The data:

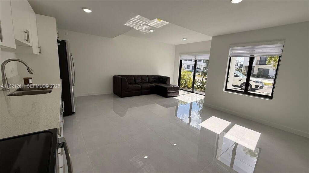 Courtesy of Luxe Properties Posted by Andrew Coleman with EXP Realty . Be the first to occupy this stunning 4-bedroom, 3-bath townhome. This concrete-built home features impact windows, a private rooftop terrace, and two dedicated parking spaces. Inside, enjoy modern finishes including quartz countertops and an open-concept kitchen equipped with stainless steel appliances. The primary suite offers a full bathroom, walk-in closet.
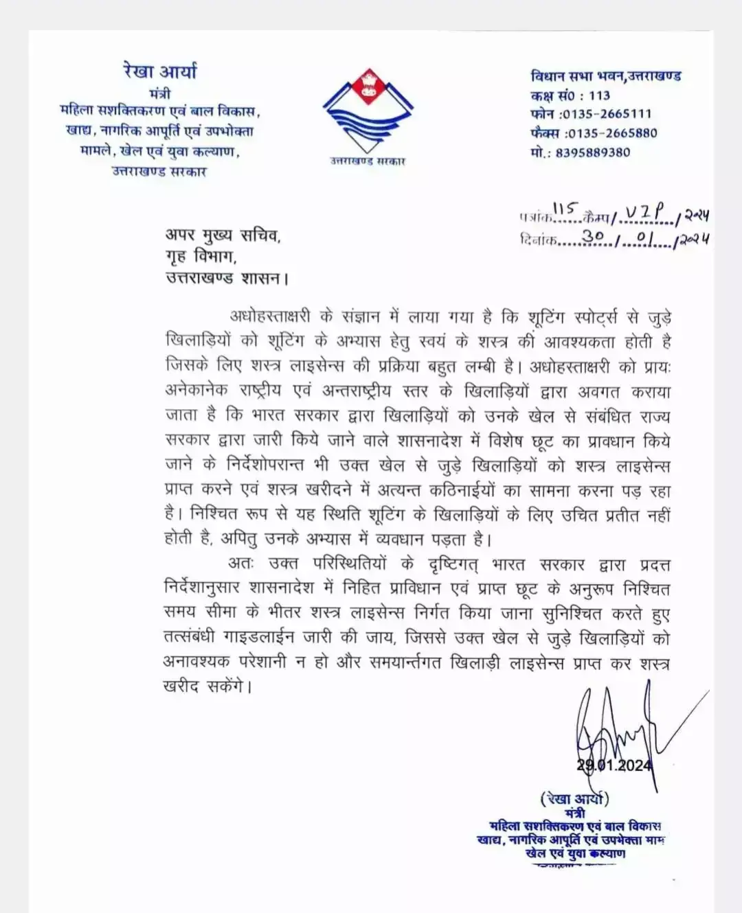 खेल मंत्री रेखा आर्या ने उक्त विषय का संज्ञान लेते हुए सचिव गृह और पुलिस महानिदेशक को पत्र लिखा है।इस पत्र के माध्यम से उन्होंने कहा कि अभी तक जो भी शूटिंग से सम्बंधित खिलाड़ी होते हैं, उन्हें अभ्यास के लिए शस्त्र लाइसेंस की अनुमति नही मिलती थी। ऐसे में अब उनके ओर से यह पत्र लिखा गया है। इससे जल्द ही शूटिंग के खिलाड़ियों को शस्त्र लाइसेंस प्राप्त होंगे।
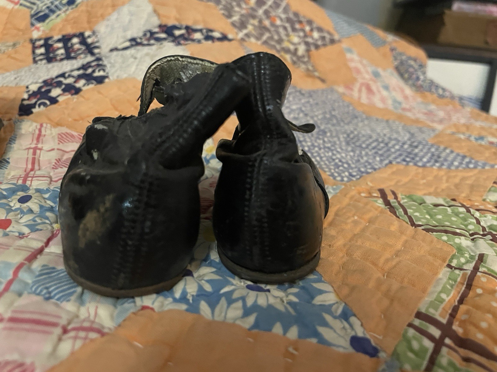 2 Pair Of Victorian Leather Baby Shoes Black White Button Up
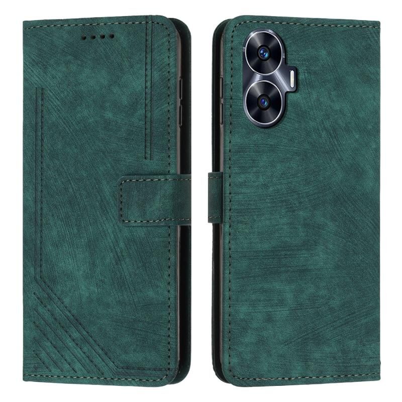 For Realme C55 Skin Feel Stripe Pattern Leather Phone Case with Lanyard(Green)
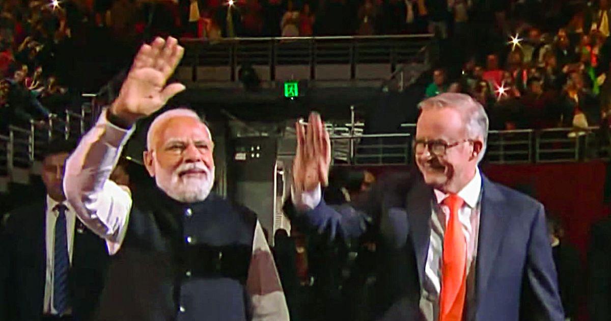Prime Minister Modi was accorded a rousing welcome by thousands of Indians across Australia at a diaspora event at the Qudos Bank Arena in Sydney, one of the country's biggest indoor stadiums.
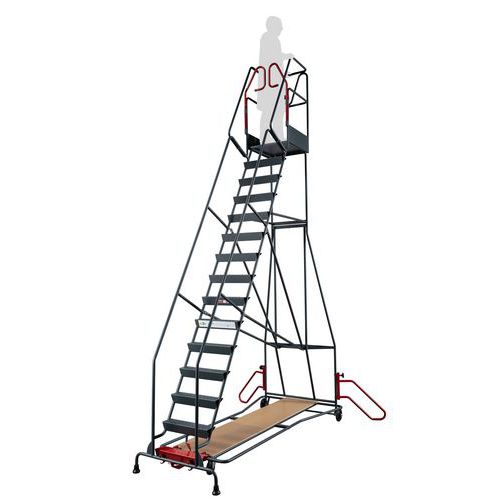 Escadote ergonómico para estantes – 5 a 15 degraus – Fimm, Alt. de acesso: 5.16 m, Plataforma altura: 3.46 m
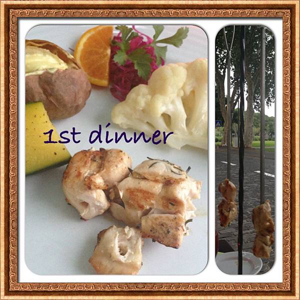檸檬和CA的主菜都選了烤雞,這裡的烤雞是架子上掛着長長的一串串,很有趣
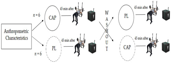 A randomized, double-blind, placebo (PLA)-controlled, crossover experimental design was used in this study. Using a random number generator, each participant took part in two experimental trials at the same time of day and under laboratory-controlled conditions (21.4 ± 0.5 °C dry temperature; 30.5 ± 5.5% relative humidity). Experimental trials were separated by one week to allow complete recovery and CAP washout [15] (Figure 1). The subjects and investigators were blinded to the substances ingested and results of MPO and PV.
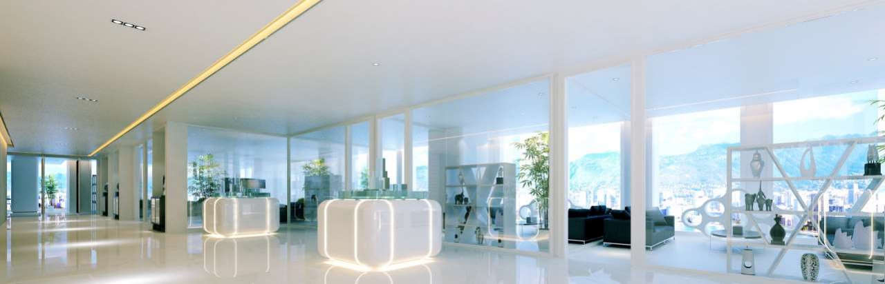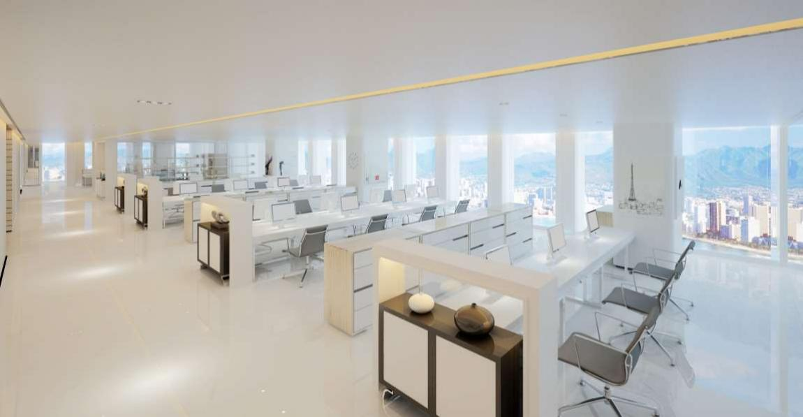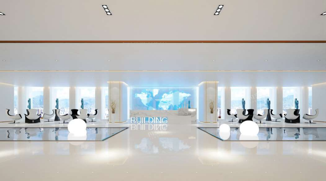 横琴总部大厦设计以 “极简、通透、科技感” 为核心,打造未来办公空间。公共区域采用纯粹白色调,搭配利落线条与几何造型,营造开阔明亮氛围。接待区巨型世界地图背景墙,彰显国际视野;悬浮式接待台、艺术感座椅,传递创新气质。
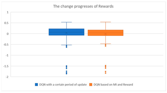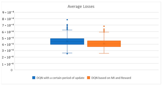 For a more qualitative comparison, the average loss was compared with a previously well-known DQN, which updates the target-network after setting a certain update period using the method proposed in this study. As shown in Figure 9, the box plot of the average loss showed a small but significant difference. Figure 10 shows a box plot of the differences in the change process for the rewards. When comparing the average losses, the loss of the method proposed in this study had a small loss range (the difference between the minimum and maximum), and the position of the box was relatively lower, which implies that the variability of the losses was smaller than that of the well-known DQN. Moreover, the number of outliers was relatively small. In the box plot of the reward changes, the variance (difference between the minimum and maximum) was significantly smaller than that of the well-known DQN. Moreover, the outliers were relatively small, similar to the shape of the box plot of the average losses. To obtain these results, the length of the episodes was increased from 200 to 1000, and only the results with a similar number of episodes reaching the top of the hill on the right were selected. These results showed that the method proposed in this study was much more stable in terms of agent learning. In particular, because the car in MountainCar was rewarded when it reached the top of the mountain, the method proposed in this study worked stably in an environment where there were sparse rewards, even when the car approached the top.
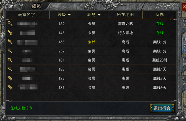 加入行会后,点击成员界面可查看当前行会成员的状态和位置,可以随时掌握行会成员动态。

What you should do: Could you repeat each line above exactly as written? Omit the pictures.

Answer for this exercise:
 Courtesy of Luxe Properties Posted by Andrew Coleman with EXP Realty . Be the first to occupy this stunning 4-bedroom, 3-bath townhome. This concrete-built home features impact windows, a private rooftop terrace, and two dedicated parking spaces. Inside, enjoy modern finishes including quartz countertops and an open-concept kitchen equipped with stainless steel appliances. The primary suite offers a full bathroom, walk-in closet.
 खेल मंत्री रेखा आर्या ने उक्त विषय का संज्ञान लेते हुए सचिव गृह और पुलिस महानिदेशक को पत्र लिखा है।इस पत्र के माध्यम से उन्होंने कहा कि अभी तक जो भी शूटिंग से सम्बंधित खिलाड़ी होते हैं, उन्हें अभ्यास के लिए शस्त्र लाइसेंस की अनुमति नही मिलती थी। ऐसे में अब उनके ओर से यह पत्र लिखा गया है। इससे जल्द ही शूटिंग के खिलाड़ियों को शस्त्र लाइसेंस प्राप्त होंगे।
 2 Pair Of Victorian Leather Baby Shoes Black White Button Up
 For Realme C55 Skin Feel Stripe Pattern Leather Phone Case with Lanyard(Green)
Prime Minister Modi was accorded a rousing welcome by thousands of Indians across Australia at a diaspora event at the Qudos Bank Arena in Sydney, one of the country's biggest indoor stadiums.
 Escadote ergonómico para estantes – 5 a 15 degraus – Fimm, Alt. de acesso: 5.16 m, Plataforma altura: 3.46 m
檸檬和CA的主菜都選了烤雞,這裡的烤雞是架子上掛着長長的一串串,很有趣
 A randomized, double-blind, placebo (PLA)-controlled, crossover experimental design was used in this study. Using a random number generator, each participant took part in two experimental trials at the same time of day and under laboratory-controlled conditions (21.4 ± 0.5 °C dry temperature; 30.5 ± 5.5% relative humidity). Experimental trials were separated by one week to allow complete recovery and CAP washout [15] (Figure 1). The subjects and investigators were blinded to the substances ingested and results of MPO and PV.
 横琴总部大厦设计以 “极简、通透、科技感” 为核心,打造未来办公空间。公共区域采用纯粹白色调,搭配利落线条与几何造型,营造开阔明亮氛围。接待区巨型世界地图背景墙,彰显国际视野;悬浮式接待台、艺术感座椅,传递创新气质。
 For a more qualitative comparison, the average loss was compared with a previously well-known DQN, which updates the target-network after setting a certain update period using the method proposed in this study. As shown in Figure 9, the box plot of the average loss showed a small but significant difference. Figure 10 shows a box plot of the differences in the change process for the rewards. When comparing the average losses, the loss of the method proposed in this study had a small loss range (the difference between the minimum and maximum), and the position of the box was relatively lower, which implies that the variability of the losses was smaller than that of the well-known DQN. Moreover, the number of outliers was relatively small. In the box plot of the reward changes, the variance (difference between the minimum and maximum) was significantly smaller than that of the well-known DQN. Moreover, the outliers were relatively small, similar to the shape of the box plot of the average losses. To obtain these results, the length of the episodes was increased from 200 to 1000, and only the results with a similar number of episodes reaching the top of the hill on the right were selected. These results showed that the method proposed in this study was much more stable in terms of agent learning. In particular, because the car in MountainCar was rewarded when it reached the top of the mountain, the method proposed in this study worked stably in an environment where there were sparse rewards, even when the car approached the top.
 加入行会后,点击成员界面可查看当前行会成员的状态和位置,可以随时掌握行会成员动态。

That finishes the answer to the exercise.